*Information supplied:*
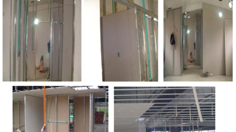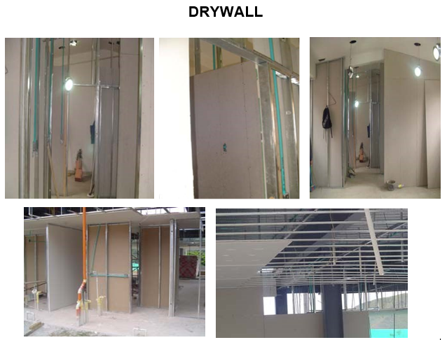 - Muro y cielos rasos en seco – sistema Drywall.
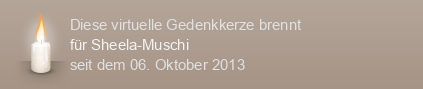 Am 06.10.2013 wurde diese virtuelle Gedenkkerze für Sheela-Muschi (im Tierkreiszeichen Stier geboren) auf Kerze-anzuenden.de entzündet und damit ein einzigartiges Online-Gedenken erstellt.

* * *

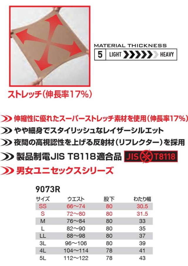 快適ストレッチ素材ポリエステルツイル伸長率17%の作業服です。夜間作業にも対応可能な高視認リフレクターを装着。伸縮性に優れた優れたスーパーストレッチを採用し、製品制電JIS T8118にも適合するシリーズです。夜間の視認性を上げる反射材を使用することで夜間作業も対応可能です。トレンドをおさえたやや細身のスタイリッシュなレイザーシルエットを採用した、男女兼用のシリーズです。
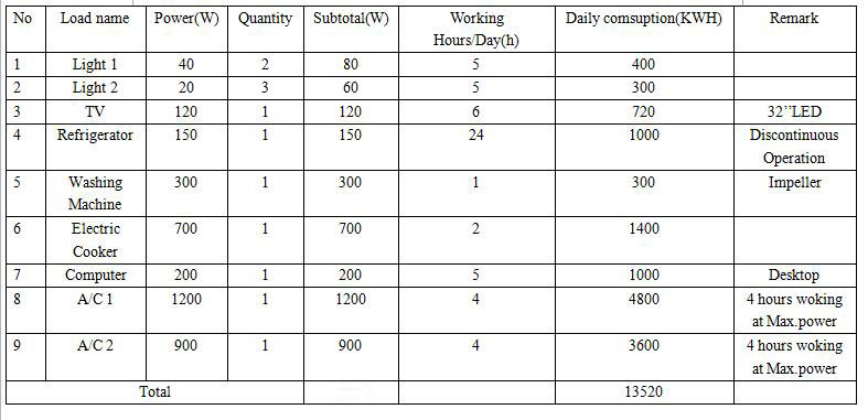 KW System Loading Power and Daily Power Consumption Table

*Problem to solve:*
Would you copy, word for word, only the lines above from the one containing "快適ストレッチ素材ポリエステ" through the one containing "KW System Loading", both included, and please leave out the pictures?

*Solution for this task:*
 快適ストレッチ素材ポリエステルツイル伸長率17%の作業服です。夜間作業にも対応可能な高視認リフレクターを装着。伸縮性に優れた優れたスーパーストレッチを採用し、製品制電JIS T8118にも適合するシリーズです。夜間の視認性を上げる反射材を使用することで夜間作業も対応可能です。トレンドをおさえたやや細身のスタイリッシュなレイザーシルエットを採用した、男女兼用のシリーズです。
 KW System Loading Power and Daily Power Consumption Table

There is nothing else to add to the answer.